Piketty: i Bramini che si sono presi la sinistra

Il nuovo saggio dell’economista francese studia i comportamenti elettorali in Francia, Usa e Regno Unito dal 1948 al 2017 e ne conclude che i sistemi politici non si possono più interpretare in base alla lotta di classe. A confrontarsi sono due diverse élite, quella degli intellettuali (i “Bramini”) nei partiti di sinistra tradizionale, e quella degli affari (i “Mercanti”) in quelli di destra. Per i più svantaggiati restano i “populismi” e ancor più il non voto.

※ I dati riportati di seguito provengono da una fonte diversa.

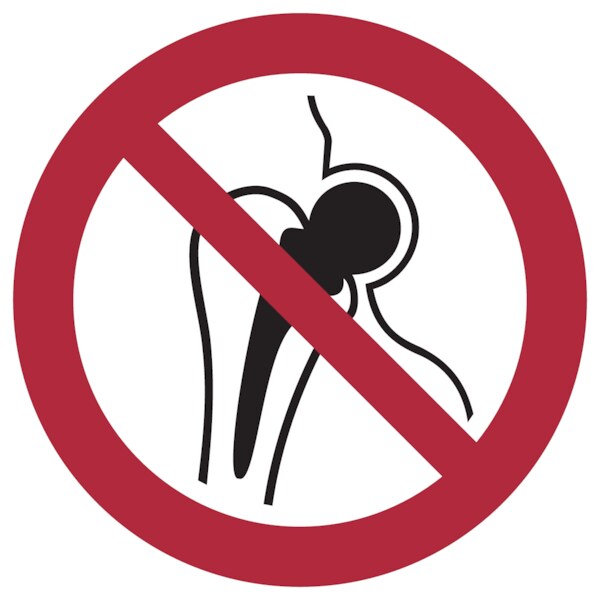 Verbotsschild, Kein Zutritt für Personen mit Implantaten aus Metall P014 - ASR A1.3(DIN EN ISO 7010) - 100 mm Folie selbstklebend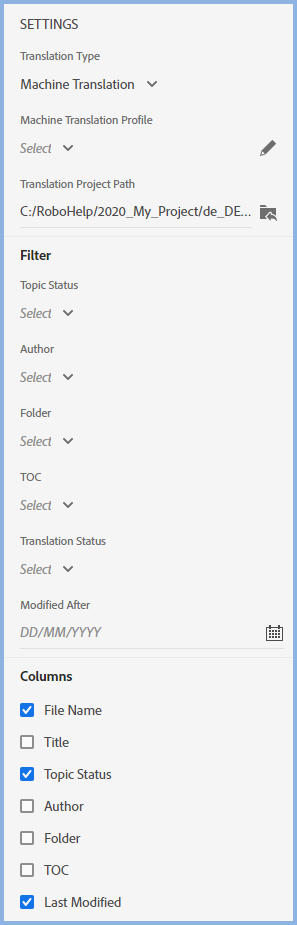 Translation Type You can select either Manual or Machine Translation. If you select Machine Translation, you will need to click the Edit icon and create a Profile as shown below. Translation Project Path The location of the foreign language project. Topic Status Initially this will show only Draft as a filter. As work progresses and the status of topics changes, In Sync, Out of Sync and Missing will be included. Author If author names have been assigned to topics, they will be listed here allowing you to select one or more for filtering. Folder You can limit the translation to a specific folder by selecting it here. TOC You can filter the topics shown by selecting a TOC. Translation Status Any of the items you see in the authoring area can be In Sync, Out of Sync or Missing. Select the status you want to see and it will be shown below the field. Modified After You can set a date to show only items that were modified after a certain date. Columns Tick the columns you want to see displayed in the authoring area.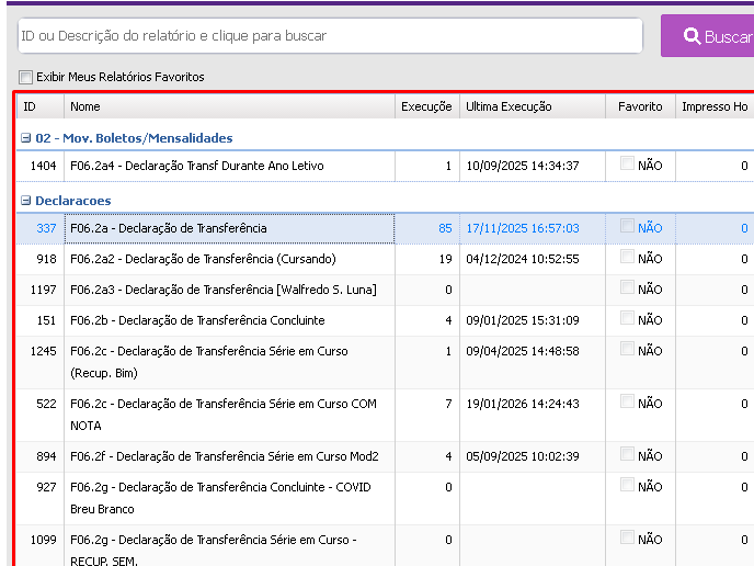 6. Selecione o relatório de declaração ideal para sua transferência e clique em OK, assim o relatório será gerado.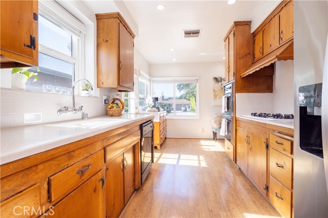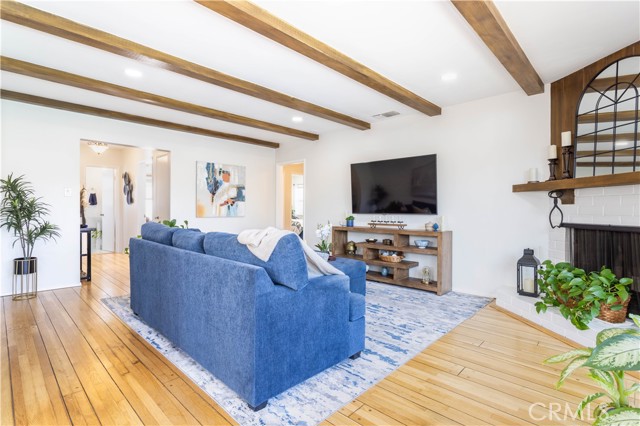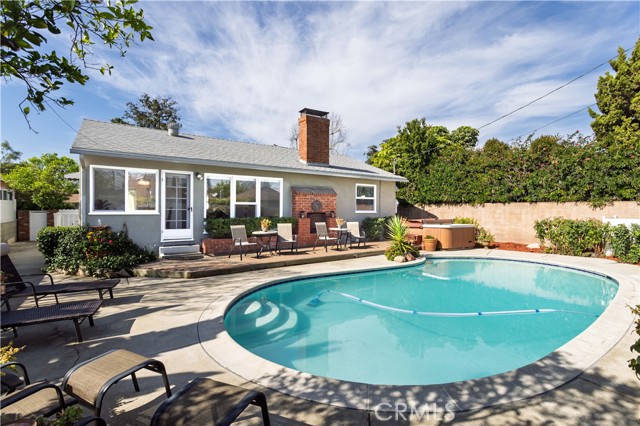 First Time Ever on the Market! Charming 3 Bedroom Pool Home with Timeless Appeal. Welcome to this stunning 3 bedroom, 2 bath pool home that exudes character and undeniable charm. Boasting incredible curb appeal, a stately magnolia tree, and a distinctive red ribbon driveway leading to an attached 2 car garage, this home makes a memorable first impression. A brick walkway and patio guide you to the inviting front door. Step inside to a bright and open living room, where original hardwood floors and large double pane windows fill the space with natural light. Exposed beams complement the brick fireplace, a unique feature that also doubles as a backyard BBQ. All bedrooms are generously sized, including a versatile convertible bedroom with wood paneling, a display ledge for art, and a full closet. The primary suite features his and hers closets and ample room to unwind. Bathrooms include a remodeled full bath with tub, a glass enclosed shower, and updated countertops, plus a convenient half bath for guests near the entry. LED lighting throughout adds a modern touch. The kitchen, lovingly maintained, showcases warm knotty pine finishes, abundant counter space, built in display shelves, and a cozy breakfast nook perfect for a bench seat. Enjoy seamless indoor outdoor living with doors from both the dining area and kitchen that open to your private backyard retreat. Relax by the sparkling pool and jacuzzi, surrounded by fruit trees and plenty of space for lounging, storage, or a lush vegetable garden. Upgrades include plumbing, sewer line, newer HVAC system, dual pane windows, newer roof, pool plaster & pump, and fresh paint inside and out. This home has truly been cared for by the original owners and is move in ready. A rare gem that has never before been on the market, this property combines timeless style, comfort, and outdoor enjoyment. Experience the best of North Hollywood/Valley Village living in this exceptional residence. It is conveniently located near major freeways, a new Target, and the newly built NoHo West Development, which includes Trader Joe’s, Nordstrom Rack, LA Fitness, Ulta, Urbane, California Fish Grill, and more. Don’t miss your chance to make it your own!

di Carlo Clericetti – temi.repubblica.it/micromega-online, 08/05/2018

Il periodo in cui sono prevalse le politiche di riduzione delle disuguaglianze è quasi un accidente della storia, perché si è verificato solo in seguito ad eventi particolari: la Grande depressione, la seconda guerra mondiale, l’ascesa del comunismo. Lo dice Thomas Piketty, quello diventato famoso con il suo “Il capitale nel XXI secolo”, nel suo nuovo saggio “Brahmin Left vs Merchant Right: Rising Inequality & the Changing Structure of Political Conflict”, ossia Bramini di sinistra contro Mercanti di destra:  crescita della disuguaglianza e cambiamento nella struttura del conflitto politico.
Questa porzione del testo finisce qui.